Un graffiti au Yémen pour dénoncer les frappes des drones américains. REUTERS/Khaled Abdullah/File Photo
L'administration du président Barack Obama a levé un coin du voile vendredi sur ses frappes "anti-terroristes" par drones, une pratique controversée qu'elle a considérablement développée et qu'elle cherche à mieux encadrer avant que la Maison Blanche ne change de pensionnaire.
Pour la première fois, la direction du renseignement américain (DNI) a publié un bilan chiffré, bien que très succinct, de ces bombardements réalisés par les États-Unis hors zone de guerre, depuis l'entrée en fonction du président Obama en 2009.

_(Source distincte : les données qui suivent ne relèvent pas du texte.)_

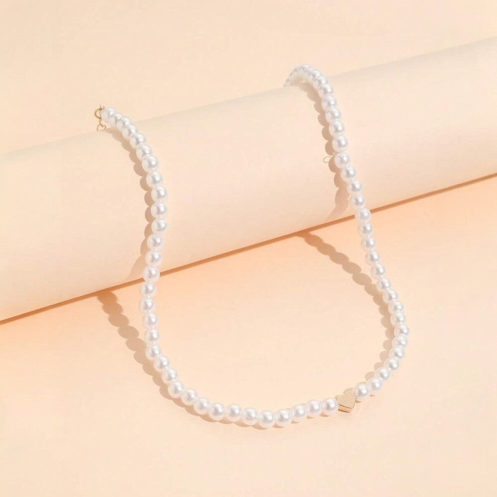 Colier argintiu, cu perle si pandantiv inimioara, Nicky C1

Ces bombardements contre les extrémistes islamistes, réalisés principalement par des drones de la CIA ou du Pentagone, ont tué jusqu'à 2.581 combattants, dans des pays comme le Pakistan, le Yémen ou la Somalie. Mais ils ont aussi causé la mort de 64 à 116 civils, reconnaît la direction du renseignement américain.
Le Bureau du journalisme d'investigation, une ONG basée à Londres, juge que les pertes civiles liées aux bombardements américains hors zone de guerre sont en réalité 6 à 7 fois supérieures aux chiffres du renseignement américain.
Se tournant vers l'avenir, le président américain a également signé un décret ordonnant aux différentes agences impliquées dans les frappes de prendre toutes les précautions possibles dans leur conduite "pour réduire la probabilité de victimes civiles". Il précise explicitement qu'elles devront reconnaître la responsabilité des États-Unis en cas de victimes civiles et dialoguer avec le Comité international de la Croix-Rouge (CICR) et les autres organisations non-gouvernementales qui opèrent dans les zones de conflit.
Le décret prévoit également la publication annuelle d'un rapport sur le nombre de tués, comme celui publié vendredi, au plus tard au 1er mai de l'année suivante.
Pour Naureen Shah, une responsable d'Amnesty International, le président Obama cherche à encadrer la pratique, avec à l'esprit l'idée que ses successeurs à la Maison Blanche pourraient être moins rigoureux que lui. "Clairement, cette administration se demande ce que fera la prochaine administration, et cherche à lui lier les mains un petit peu", a-t-elle expliqué.
Le décret crée aussi un "précédent positif" pour les autres gouvernements qui sont en train de se doter de drones comme les États-Unis, a-t-elle estimé. Mais Naureen Shah, comme ses collègues d'autres ONG de défense des libertés civiles, souligne que l'administration est encore loin de la transparence dans l'application de son droit de tuer.
L'opacité demeure sur les critères retenus pour qualifier une personne de "combattant" extrémiste, souligne-t-elle. "Nous ne savons pas quel est le seuil de preuve pour cette administration. Tel que les chiffres nous sont présentés maintenant, c'est très difficile de les évaluer".
(Lire aussi : La "cigale", le plus petit et le plus rustique des drones américains)
355 bombardements au Pakistan
L'administration américaine "continue à cacher les identités des gens qu'elle a tués" et ne publie pas ses enquêtes sur les possibles erreurs, a déploré Hina Shamsi, une responsable de l'Association américaine pour les libertés civiques (ACLU). Les frappes de drones américaines se sont considérablement développées depuis l'arrivée de Barack Obama à la Maison Blanche.
Au Pakistan, théoriquement un pays allié, le nombre de frappes de drones est passé de 48 pendant la présidence Bush à 355 sous l'ère Obama, selon les chiffres de la Fondation New America, un cercle de réflexion de Washington. Dans ce pays, qui détient le record des bombardements américains hors zones de guerre, le pic a été atteint en 2010, avec 802 combattants tués, selon la même source.
Il est largement redescendu depuis, avec 57 tués en 2015.
Aujourd'hui, les frappes "anti-terroristes" restent importantes au Yémen et en croissance en Somalie, avec respectivement 116 et 203 morts en 2016, selon la Fondation New America. Des bombardements également opérés par des avions.
Les chiffres des ONG montrent par ailleurs que le nombre de victimes civiles est également très largement redescendu ces dernières années. Selon ceux de la Fondation New America, les victimes civiles se compteraient sur les doigts de la main chaque année depuis 2014.